Using Scientific Text to Identify Breast Cancer Risk-Factors

Institution: University of California, Irvine
Investigator(s): Catherine Blake, M.S. -
Award Cycle: 2002 (Cycle VIII) Grant #: 8GB-0175 Award: $29,136
Award Type: Dissertation Award
Research Priorities
Etiology and Prevention>Prevention and Risk Reduction: ending the danger of breast cancer



Initial Award Abstract (2002)
Each year scientists publish thousands of articles related to breast cancer. In addition to the primary purpose of an article, authors often publish secondary information such as the number of subjects with breast cancer who smoke or consume alcohol. Secondary information can be used to identify candidate risk factors for breast cancer; for example, if people with breast cancer drink more than people in the general population, then alcohol consumption should be studied further as a possible risk factor for breast cancer. Scientists currently extract secondary information manually; however, this process is tedious, time-consuming, and costly, so risk factors that are implicit in research studies go unnoticed.

The goal of this project is to identify new risk factors associated with breast cancer. By semi-automating the extraction and meta-analysis process, scientists will be able to explore secondary information reported in the medical literature faster and more comprehensively. They will also be able to reduce publication bias by including articles that were not specifically studying the risk factor.

I will construct an interactive computer system that will extract facts from the medical literature related to breast cancer. The system will then automatically compare the rate of exposure to the risk factor extracted with the rate exposure of exposure in the general population. I will estimate the latter using the Behavioral Risks Surveillance System, the world's largest telephone survey that tracks health risks in the United States. Lastly, the system will combine the facts from each study using an existing set of statistical techniques, called meta-analysis. I will demonstrate that the system works by: (i) measuring the accuracy of the information extracted; and (ii) using the interactive system to perform a meta-analysis between breast cancer the risk factors smoking and alcohol.

The current manual approach to conduct meta-analysis is costly and time-consuming. Although the computer science community has developed extraction techniques, they neither extract the kind of information required to perform a meta-analysis, nor do they satisfy the accuracy requirements which are required when performing a meta-analysis between breast cancer and candidate risk factor. This project is innovative because the proposed system is interactive and enables scientists to verify that the information extracted is accurate and perform preliminary manipulations of the extracted facts before performing a meta-analysis. Software exists to perform a meta-analysis; however, it is not coupled with the extraction process.


Final Report (2004)
Introduction: The quantity of electronic information resources available to breast cancer researchers continues to increase at an overwhelming rate. Although retrieval systems have eased the task of collecting articles, users struggle to incorporate new findings into their work practices and have few opportunities to explore implicit connections within a corpus of journal articles.

Topic Addressed: Inspired by our study of scientific users in medicine and public health as they synthesized evidence from literature, we have developed both a methodology and supporting technology that enables a user to identify candidate risk factors for breast cancer, which are hidden within existing scientific articles. Our goal is to build tools that facilitate the discovery of new risk factors. We chose to explore risk factors because other than age and gender, currently known risk factors explain only half of the existing breast cancer cases.

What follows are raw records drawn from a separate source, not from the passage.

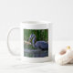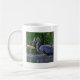 Um Herão Azul Excelente, saltando na água, depois de perder um peixe.
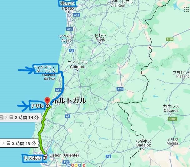 ポルトガルでリスボン→ナザレ→フィゲイラ・ダ・フォズ→ポルトへとバスで西海岸沿いを北へ進移動しました。
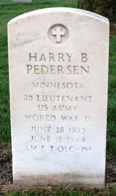Listed as missing in action, unrecoverable or unidentifiable, 2LT Pedersen's remains were recovered and identified in 1957. His remains are interred at the Fort Snelling National Cemetery, So. Minneapolis, MN. 2LT Pedersen's name is permanently inscribed on the tablets of the Missing at the Normandy American Cemetery and Memorial at Colleville-Sur-Mer/St. Laurent-sur-Mer, France. His name is also commemorated on a plaque located at Great Chart, England, but his middle initial is inscribed as H.
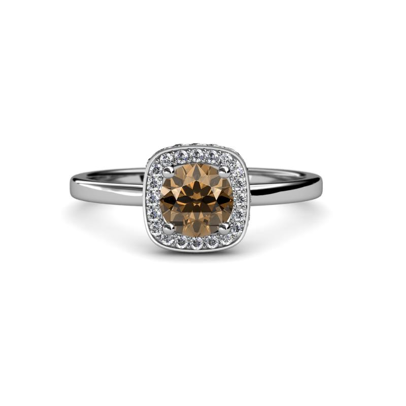 3/4 ctw Round Smoky Quartz and Diamond Womens Halo Engagement Ring 14K White Gold More Details ...
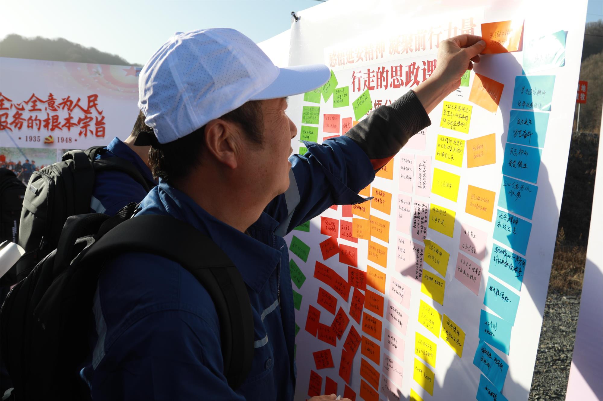 行至終點,研討交流拉開帷幕,大家紛紛拿起便簽紙,抒寫感悟、暢談心得……一陣陣激烈研討交流過后,展板上貼滿了干事創(chuàng)業(yè)的激情和立足崗位建新功的誓言。
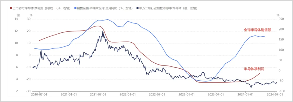 全球半导体市场正处在新一轮复苏周期中。销售收入拐点出现在2023年二季度,净利润表现更为滞后一些,拐点出现在2024年一季度。
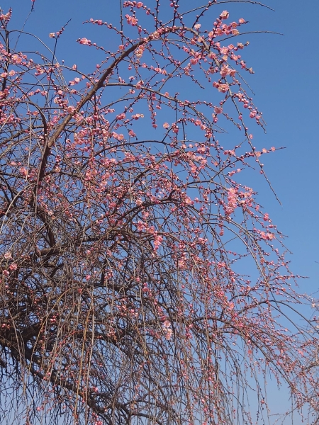 2月中旬のあけぼの山農業公園です。風車近くのしだれ梅が見頃でした。ピンクの花が青空に映えて綺麗でした
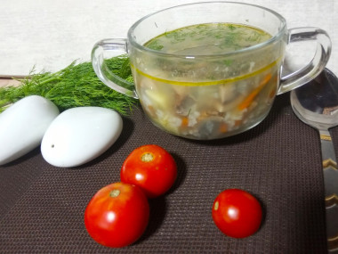 Меня угостили замороженными лесными грибами, захотелось сварить грибной суп с подосиновиками. Пока в кастрюле варился картофель с рисом, на сковороде обжарила лук, морковь и грибы (мои грибы перед заморозкой уже были отварены, поэтому этот шаг при приготовлении я пропустила). Супчик получился очень вкусный, сытный , ароматный! Из специй я использовала только черный молотый перец, а при подаче добавила зелень укропа. Спасибо за рецепт, Юлия М!
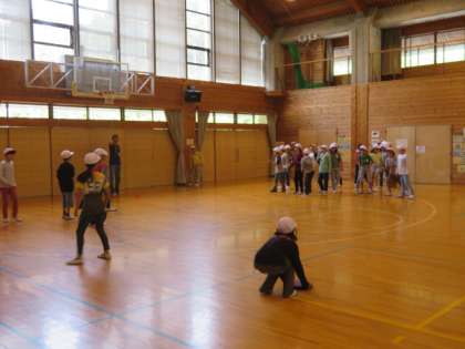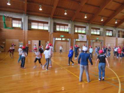 それぞれのクラスで、レクリエーションを楽しみました。1・2組はドッジビーを、3・4組は鬼ごっこです。
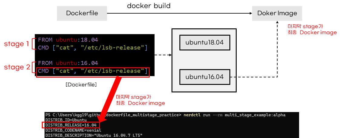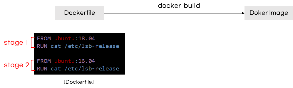 아래 예제는 우분투 정보를 출력하는 Dockerfile입니다. 우분투18, 우분투16버전 정보를 출력하지만, 가장 마지막에 실행된 우분투16버전 출력이 도커이미지로 생성됩니다.

Progress towards specific aims: To facilitate the discovery of risk factors from scientific literature we followed the following specific aims:
(1) We collected a collection of 1800 full-text breast cancer journal articles.
(2) Independent annotators manually extracted information from a subset of our article collection, which provided a gold standard for our system evaluation.
(3) We developed a methodology called Information Synthesis, and a computer system called the Multi-user Extraction for Information Synthesis (METIS) system. The METIS system automates critical tasks within the information synthesis process. Specifically the METIS system: (i) identifies information from full-text articles, (ii) estimates a comparison group using the extracted information as an index to an external database, and (iii) compares the facts reported in each article with the comparison group using a meta-analytic technique. The METIS system produces a quantitative summary that incorporates typically unused information. The visual summary identifies redundancies and contradictions that are inevitable in a collection of breast cancer articles.
(4) Our evaluation of the METIS system showed that: (i) the shallow natural language processing used within the METIS system achieves precision and recall that are consistent with current state of the art; the METIS system estimates a comparison rate that is similar to the rates found in a traditional analysis; and, (iii) the quantitative summary produced by METIS is the same as examples in textbooks and existing meta-analyses.

We explored both alcohol and tobacco consumption within our breast cancer article corpus. Our results showed that the information synthesis approach was: (1) more comprehensive than existing published analyses that explored a similar hypothesis projection, and (2) able to identify phenomena that existing synthesis techniques were unable to detect.

Future Direction: We are currently exploring methods to increase the performance of the extraction algorithms used in the METIS system and experiments to better evaluate the interactive aspects of the system.

Impact: As the quantity of information continues to increase, tools that enable researchers to effectively use hidden facts provides a promising new way to identify risk factors.